原因之一可能是kafka主题的保留时间很短。但是我已经添加.option("failOnDataLoss", "false")到SparkSession中。
我对火花检查点有一些基本的了解。我想如果删除检查点目录,应该将其恢复。但是正如我测试的那样,一旦发生此错误,删除目录就无济于事。我需要使用其他检查点目录进行修复。
删除检查点目录的任何原因都不起作用?还是有一种方法/选项可以帮助避免此错误?
diagnostics: User class threw exception: org.apache.spark.sql.streaming.StreamingQueryException: Job aborted due to stage failure: Task 4 in stage 1.0 failed 4 times, most recent failure: Lost task 4.3 in stage 1.0 (TID 14, master-testspark.runspark.com, executor 2): java.lang.IllegalStateException: Error reading delta file consumer-cp3/state/0/4/1.delta of HDFSStateStoreProvider[id = (op=0, part=4), dir = consumer-cp3/state/0/4]: consumer-cp3/state/0/4/1.delta does not exist
at org.apache.spark.sql.execution.streaming.state.HDFSBackedStateStoreProvider.org$apache$spark$sql$execution$streaming$state$HDFSBackedStateStoreProvider$$updateFromDeltaFile(HDFSBackedStateStoreProvider.scala:410)

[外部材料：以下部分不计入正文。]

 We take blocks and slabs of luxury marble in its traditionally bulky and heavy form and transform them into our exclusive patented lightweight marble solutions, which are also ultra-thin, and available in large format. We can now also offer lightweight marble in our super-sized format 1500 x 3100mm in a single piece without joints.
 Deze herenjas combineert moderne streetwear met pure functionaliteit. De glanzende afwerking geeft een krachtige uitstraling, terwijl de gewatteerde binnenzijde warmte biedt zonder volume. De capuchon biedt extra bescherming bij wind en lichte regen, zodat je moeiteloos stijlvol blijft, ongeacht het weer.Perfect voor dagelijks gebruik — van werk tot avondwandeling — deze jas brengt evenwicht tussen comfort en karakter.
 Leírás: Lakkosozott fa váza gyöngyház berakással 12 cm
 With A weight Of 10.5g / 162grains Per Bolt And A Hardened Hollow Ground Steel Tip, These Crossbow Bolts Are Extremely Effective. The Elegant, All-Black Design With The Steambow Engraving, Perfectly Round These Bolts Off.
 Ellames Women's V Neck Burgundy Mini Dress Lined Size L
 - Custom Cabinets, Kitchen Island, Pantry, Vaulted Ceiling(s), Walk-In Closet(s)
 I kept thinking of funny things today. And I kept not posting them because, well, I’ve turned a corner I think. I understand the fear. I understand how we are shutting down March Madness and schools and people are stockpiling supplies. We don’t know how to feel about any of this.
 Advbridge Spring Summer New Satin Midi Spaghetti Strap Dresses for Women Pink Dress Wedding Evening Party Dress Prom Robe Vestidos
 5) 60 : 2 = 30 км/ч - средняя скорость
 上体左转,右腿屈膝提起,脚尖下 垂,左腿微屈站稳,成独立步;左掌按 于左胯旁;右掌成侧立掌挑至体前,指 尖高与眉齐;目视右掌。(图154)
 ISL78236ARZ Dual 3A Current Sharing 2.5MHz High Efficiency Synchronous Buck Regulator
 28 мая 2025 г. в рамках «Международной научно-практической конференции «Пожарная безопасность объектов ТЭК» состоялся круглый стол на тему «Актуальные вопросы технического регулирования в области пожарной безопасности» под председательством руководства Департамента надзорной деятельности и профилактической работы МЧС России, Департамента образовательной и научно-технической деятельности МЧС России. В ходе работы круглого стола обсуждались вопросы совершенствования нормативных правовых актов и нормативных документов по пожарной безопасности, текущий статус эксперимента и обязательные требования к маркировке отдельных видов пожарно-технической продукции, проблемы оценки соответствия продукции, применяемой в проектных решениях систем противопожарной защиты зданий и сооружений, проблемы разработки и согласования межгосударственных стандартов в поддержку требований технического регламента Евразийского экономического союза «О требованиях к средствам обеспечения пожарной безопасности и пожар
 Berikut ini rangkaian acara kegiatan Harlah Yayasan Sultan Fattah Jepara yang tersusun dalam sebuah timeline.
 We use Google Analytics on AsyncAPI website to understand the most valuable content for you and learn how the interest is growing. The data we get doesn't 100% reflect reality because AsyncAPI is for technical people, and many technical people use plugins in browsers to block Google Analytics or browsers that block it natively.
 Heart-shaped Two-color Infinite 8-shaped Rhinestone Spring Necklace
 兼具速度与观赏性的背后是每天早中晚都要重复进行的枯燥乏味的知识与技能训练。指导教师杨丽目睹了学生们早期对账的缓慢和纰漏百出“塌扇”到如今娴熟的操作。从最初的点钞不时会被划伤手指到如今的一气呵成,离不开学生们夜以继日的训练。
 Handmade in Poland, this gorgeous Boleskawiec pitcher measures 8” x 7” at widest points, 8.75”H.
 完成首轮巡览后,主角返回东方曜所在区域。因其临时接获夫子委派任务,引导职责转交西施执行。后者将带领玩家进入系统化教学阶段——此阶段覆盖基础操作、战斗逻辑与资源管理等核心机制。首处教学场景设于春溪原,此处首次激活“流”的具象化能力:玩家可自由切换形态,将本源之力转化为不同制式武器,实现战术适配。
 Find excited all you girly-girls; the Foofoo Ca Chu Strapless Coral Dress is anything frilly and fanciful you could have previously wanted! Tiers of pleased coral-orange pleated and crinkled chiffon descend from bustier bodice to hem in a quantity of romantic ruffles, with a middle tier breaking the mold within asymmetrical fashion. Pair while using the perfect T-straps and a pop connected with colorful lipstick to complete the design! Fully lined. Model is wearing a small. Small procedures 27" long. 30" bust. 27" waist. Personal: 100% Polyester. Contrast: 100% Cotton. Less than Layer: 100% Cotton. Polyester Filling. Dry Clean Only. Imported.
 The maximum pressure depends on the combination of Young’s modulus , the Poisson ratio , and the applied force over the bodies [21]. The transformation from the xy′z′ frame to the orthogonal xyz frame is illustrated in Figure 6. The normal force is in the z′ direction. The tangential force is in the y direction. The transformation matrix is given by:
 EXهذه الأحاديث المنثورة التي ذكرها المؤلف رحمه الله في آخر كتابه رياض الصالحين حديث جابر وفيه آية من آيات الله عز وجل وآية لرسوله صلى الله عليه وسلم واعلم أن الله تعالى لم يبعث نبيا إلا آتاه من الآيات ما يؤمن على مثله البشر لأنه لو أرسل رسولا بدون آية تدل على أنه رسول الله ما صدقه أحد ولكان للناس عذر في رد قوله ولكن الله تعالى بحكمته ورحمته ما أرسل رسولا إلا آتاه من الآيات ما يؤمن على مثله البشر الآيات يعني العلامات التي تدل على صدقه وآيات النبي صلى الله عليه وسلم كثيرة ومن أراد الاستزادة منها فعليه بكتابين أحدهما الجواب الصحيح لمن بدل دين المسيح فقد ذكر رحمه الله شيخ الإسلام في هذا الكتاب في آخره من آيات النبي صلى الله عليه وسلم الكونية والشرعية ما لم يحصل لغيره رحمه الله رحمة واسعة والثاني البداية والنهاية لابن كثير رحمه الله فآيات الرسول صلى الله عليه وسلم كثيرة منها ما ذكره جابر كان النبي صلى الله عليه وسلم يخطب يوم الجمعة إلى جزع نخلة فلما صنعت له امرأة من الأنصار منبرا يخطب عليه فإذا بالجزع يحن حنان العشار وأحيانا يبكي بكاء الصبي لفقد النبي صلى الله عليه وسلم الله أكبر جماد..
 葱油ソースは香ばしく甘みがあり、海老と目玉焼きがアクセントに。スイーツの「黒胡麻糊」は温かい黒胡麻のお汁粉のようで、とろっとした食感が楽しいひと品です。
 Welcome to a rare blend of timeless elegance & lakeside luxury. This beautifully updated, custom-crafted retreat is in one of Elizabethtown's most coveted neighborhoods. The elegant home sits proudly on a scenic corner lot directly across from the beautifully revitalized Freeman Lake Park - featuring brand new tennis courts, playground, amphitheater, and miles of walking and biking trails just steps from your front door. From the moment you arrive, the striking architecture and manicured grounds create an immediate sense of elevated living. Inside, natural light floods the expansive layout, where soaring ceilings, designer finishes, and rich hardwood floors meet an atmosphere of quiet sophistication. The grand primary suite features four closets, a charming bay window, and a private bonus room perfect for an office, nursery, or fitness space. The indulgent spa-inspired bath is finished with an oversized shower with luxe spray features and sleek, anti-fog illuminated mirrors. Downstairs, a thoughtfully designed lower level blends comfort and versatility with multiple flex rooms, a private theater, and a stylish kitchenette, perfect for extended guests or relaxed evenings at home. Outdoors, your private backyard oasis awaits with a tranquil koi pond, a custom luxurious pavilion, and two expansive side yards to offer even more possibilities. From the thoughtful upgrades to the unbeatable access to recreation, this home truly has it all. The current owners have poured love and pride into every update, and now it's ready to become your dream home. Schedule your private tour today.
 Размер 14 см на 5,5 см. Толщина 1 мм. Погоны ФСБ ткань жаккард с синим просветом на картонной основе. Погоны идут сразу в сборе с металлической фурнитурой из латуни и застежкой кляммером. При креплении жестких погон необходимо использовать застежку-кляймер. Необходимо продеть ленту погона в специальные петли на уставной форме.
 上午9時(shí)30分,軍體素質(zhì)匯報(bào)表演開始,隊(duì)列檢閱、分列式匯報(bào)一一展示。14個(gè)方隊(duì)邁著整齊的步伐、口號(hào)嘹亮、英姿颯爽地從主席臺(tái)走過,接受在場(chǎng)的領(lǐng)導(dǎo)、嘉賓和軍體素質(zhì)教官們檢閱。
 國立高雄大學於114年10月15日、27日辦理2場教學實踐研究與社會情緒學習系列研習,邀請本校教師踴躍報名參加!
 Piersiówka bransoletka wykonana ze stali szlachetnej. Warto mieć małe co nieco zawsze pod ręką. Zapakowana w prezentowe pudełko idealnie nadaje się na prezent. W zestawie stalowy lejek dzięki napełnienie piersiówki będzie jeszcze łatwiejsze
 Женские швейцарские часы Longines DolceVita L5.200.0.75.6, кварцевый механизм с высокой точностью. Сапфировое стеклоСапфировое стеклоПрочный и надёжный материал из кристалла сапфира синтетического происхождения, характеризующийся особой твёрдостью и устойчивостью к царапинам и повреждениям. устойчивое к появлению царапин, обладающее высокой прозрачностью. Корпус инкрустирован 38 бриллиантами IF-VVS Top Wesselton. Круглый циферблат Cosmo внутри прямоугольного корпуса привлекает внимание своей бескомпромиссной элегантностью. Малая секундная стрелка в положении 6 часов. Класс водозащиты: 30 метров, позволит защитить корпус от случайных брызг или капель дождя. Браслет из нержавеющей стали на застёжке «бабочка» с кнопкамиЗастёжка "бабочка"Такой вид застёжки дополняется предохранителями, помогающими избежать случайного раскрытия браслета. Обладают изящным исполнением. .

at org.apache.spark.sql.execution.streaming.state.HDFSBackedStateStoreProvider$$anonfun$org$apache$spark$sql$execution$streaming$state$HDFSBackedStateStoreProvider$$loadMap$1$$anonfun$6.apply(HDFSBackedStateStoreProvider.scala:362)
at org.apache.spark.sql.execution.streaming.state.HDFSBackedStateStoreProvider$$anonfun$org$apache$spark$sql$execution$streaming$state$HDFSBackedStateStoreProvider$$loadMap$1$$anonfun$6.apply(HDFSBackedStateStoreProvider.scala:359)
at scala.Option.getOrElse(Option.scala:121)
at org.apache.spark.sql.execution.streaming.state.HDFSBackedStateStoreProvider$$anonfun$org$apache$spark$sql$execution$streaming$state$HDFSBackedStateStoreProvider$$loadMap$1.apply(HDFSBackedStateStoreProvider.scala:359)
at org.apache.spark.sql.execution.streaming.state.HDFSBackedStateStoreProvider$$anonfun$org$apache$spark$sql$execution$streaming$state$HDFSBackedStateStoreProvider$$loadMap$1.apply(HDFSBackedStateStoreProvider.scala:358)
at scala.Option.getOrElse(Option.scala:121)
at org.apache.spark.sql.execution.streaming.state.HDFSBackedStateStoreProvider.org$apache$spark$sql$execution$streaming$state$HDFSBackedStateStoreProvider$$loadMap(HDFSBackedStateStoreProvider.scala:358)
at org.apache.spark.sql.execution.streaming.state.HDFSBackedStateStoreProvider.getStore(HDFSBackedStateStoreProvider.scala:265)
at org.apache.spark.sql.execution.streaming.state.StateStore$.get(StateStore.scala:200)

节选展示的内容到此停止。